▶ _EXERCISE GOAL_: Return, with both end lines included, exactly what the data below holds from the line with "Mẫu thiết kế" through the line with "Общий объем багажных", though not the pictures.

** AVAILABLE RECORDS follows **

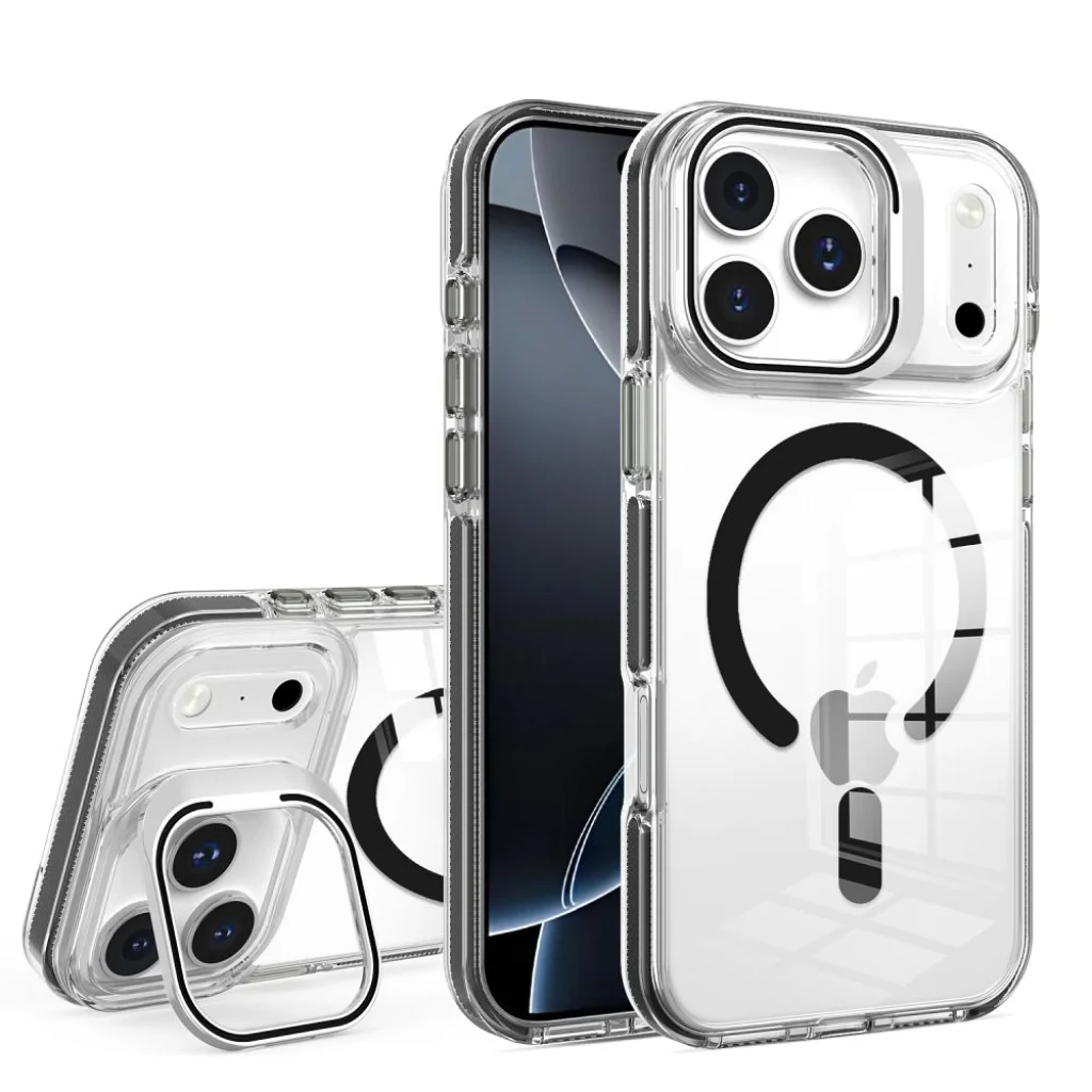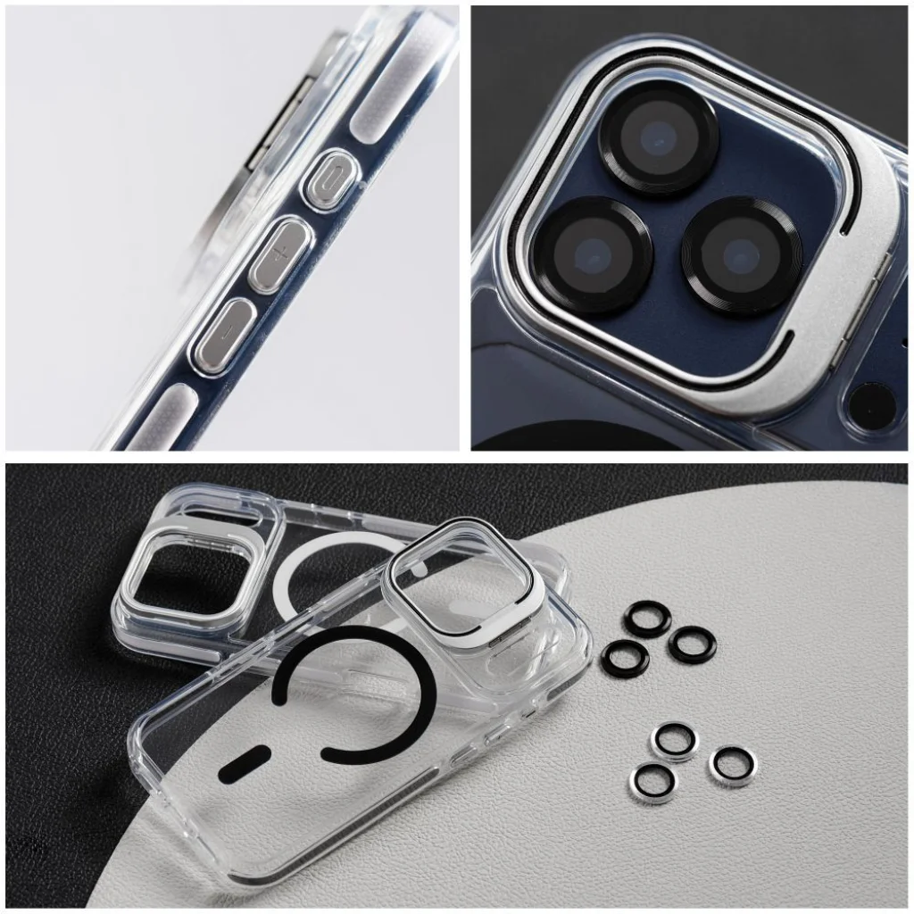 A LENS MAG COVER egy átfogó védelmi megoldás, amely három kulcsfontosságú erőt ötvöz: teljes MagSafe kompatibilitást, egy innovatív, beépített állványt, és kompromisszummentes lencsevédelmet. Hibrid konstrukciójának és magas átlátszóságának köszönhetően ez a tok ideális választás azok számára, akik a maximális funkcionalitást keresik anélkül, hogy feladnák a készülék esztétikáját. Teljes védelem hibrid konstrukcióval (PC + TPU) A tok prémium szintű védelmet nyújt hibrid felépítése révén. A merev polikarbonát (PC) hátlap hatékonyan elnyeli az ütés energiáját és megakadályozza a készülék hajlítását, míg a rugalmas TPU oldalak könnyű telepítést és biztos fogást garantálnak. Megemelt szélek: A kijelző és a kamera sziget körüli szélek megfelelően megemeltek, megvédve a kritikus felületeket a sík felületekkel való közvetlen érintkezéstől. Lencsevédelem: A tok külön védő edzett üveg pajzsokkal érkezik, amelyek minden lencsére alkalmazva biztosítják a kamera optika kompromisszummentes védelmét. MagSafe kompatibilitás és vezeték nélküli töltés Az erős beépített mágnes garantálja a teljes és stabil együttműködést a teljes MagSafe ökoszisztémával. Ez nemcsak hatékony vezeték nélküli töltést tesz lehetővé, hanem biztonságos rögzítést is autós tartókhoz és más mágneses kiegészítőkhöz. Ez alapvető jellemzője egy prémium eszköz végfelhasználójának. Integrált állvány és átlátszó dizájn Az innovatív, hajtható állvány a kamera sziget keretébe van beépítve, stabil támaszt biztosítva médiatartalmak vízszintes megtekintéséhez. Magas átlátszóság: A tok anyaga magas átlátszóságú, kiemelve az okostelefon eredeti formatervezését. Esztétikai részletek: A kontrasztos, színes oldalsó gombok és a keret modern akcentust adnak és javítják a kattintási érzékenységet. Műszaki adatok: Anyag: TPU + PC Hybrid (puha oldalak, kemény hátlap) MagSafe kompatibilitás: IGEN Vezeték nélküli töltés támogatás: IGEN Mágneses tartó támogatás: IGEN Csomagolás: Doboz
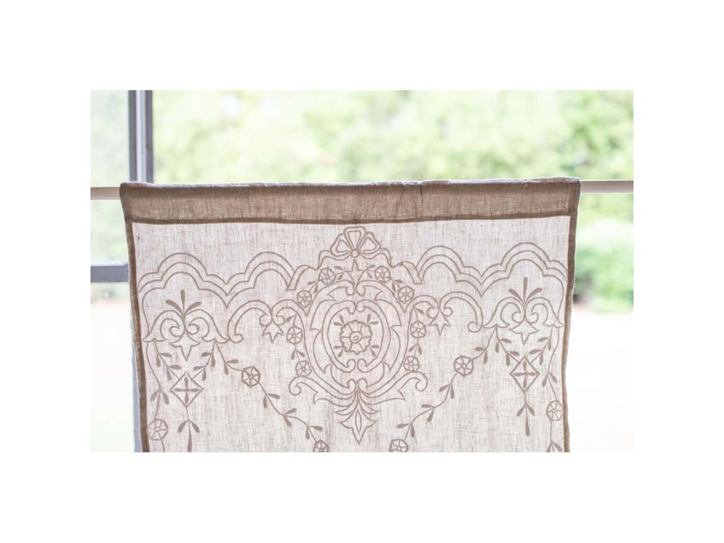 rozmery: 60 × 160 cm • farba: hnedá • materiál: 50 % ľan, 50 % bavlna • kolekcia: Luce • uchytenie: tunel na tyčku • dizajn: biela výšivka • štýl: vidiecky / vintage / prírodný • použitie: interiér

** End of AVAILABLE RECORDS **
** AVAILABLE RECORDS follows **

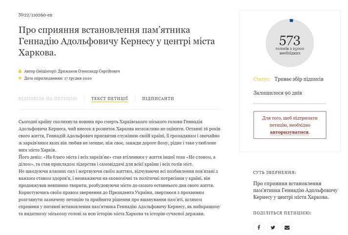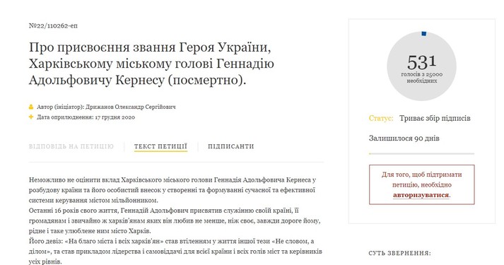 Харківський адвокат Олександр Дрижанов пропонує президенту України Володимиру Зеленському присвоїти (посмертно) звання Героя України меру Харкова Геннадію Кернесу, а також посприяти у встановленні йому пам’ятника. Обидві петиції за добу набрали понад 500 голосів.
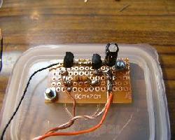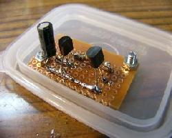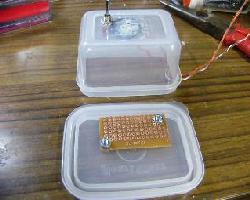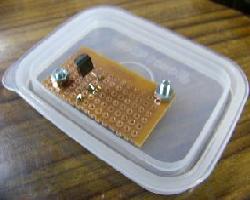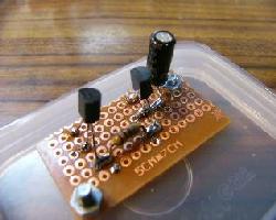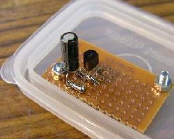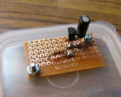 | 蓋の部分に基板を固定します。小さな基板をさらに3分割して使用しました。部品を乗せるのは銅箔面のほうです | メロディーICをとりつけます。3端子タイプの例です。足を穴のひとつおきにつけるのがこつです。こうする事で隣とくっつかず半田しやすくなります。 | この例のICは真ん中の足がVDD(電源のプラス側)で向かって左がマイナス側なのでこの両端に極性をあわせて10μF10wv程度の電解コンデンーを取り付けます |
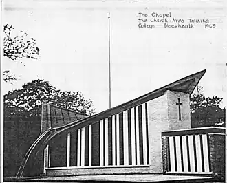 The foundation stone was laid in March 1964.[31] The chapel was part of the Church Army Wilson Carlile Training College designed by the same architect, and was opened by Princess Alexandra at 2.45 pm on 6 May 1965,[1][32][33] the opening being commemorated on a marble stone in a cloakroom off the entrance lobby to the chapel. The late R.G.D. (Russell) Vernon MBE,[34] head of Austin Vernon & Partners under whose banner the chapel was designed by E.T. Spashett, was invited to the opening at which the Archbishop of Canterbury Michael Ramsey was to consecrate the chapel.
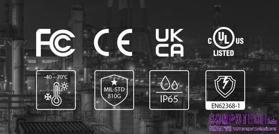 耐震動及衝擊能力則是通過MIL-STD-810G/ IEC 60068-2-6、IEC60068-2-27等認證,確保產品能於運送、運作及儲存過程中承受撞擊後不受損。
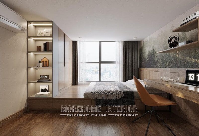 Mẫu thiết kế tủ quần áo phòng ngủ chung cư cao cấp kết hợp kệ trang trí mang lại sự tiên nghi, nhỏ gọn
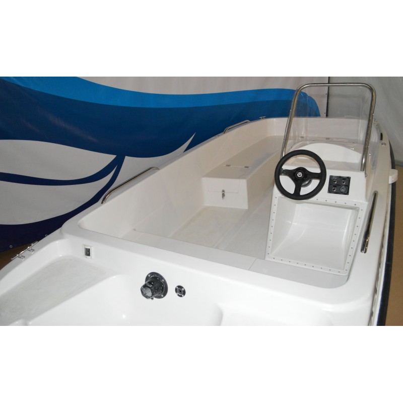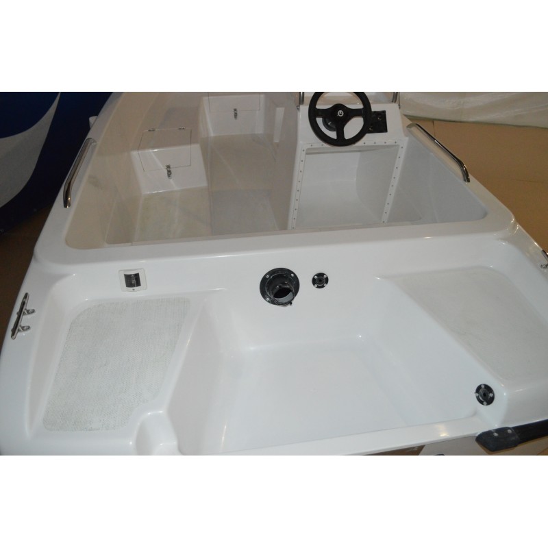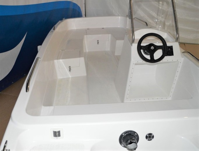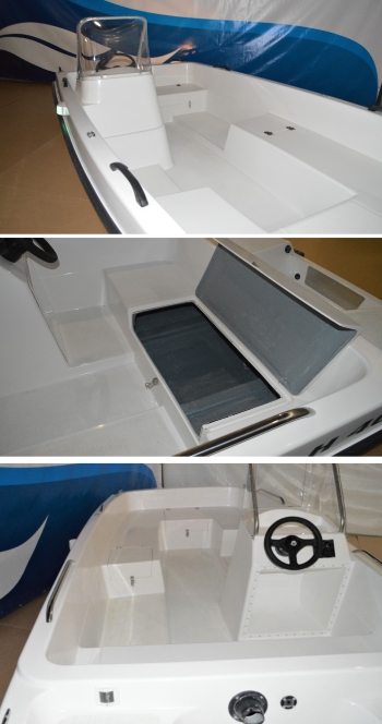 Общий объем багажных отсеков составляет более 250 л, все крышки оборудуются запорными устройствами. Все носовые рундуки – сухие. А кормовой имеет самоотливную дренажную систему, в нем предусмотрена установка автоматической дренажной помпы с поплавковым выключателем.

** End of AVAILABLE RECORDS **

▶ _WRITTEN RESPONSE_:
 Mẫu thiết kế tủ quần áo phòng ngủ chung cư cao cấp kết hợp kệ trang trí mang lại sự tiên nghi, nhỏ gọn
 Общий объем багажных отсеков составляет более 250 л, все крышки оборудуются запорными устройствами. Все носовые рундуки – сухие. А кормовой имеет самоотливную дренажную систему, в нем предусмотрена установка автоматической дренажной помпы с поплавковым выключателем.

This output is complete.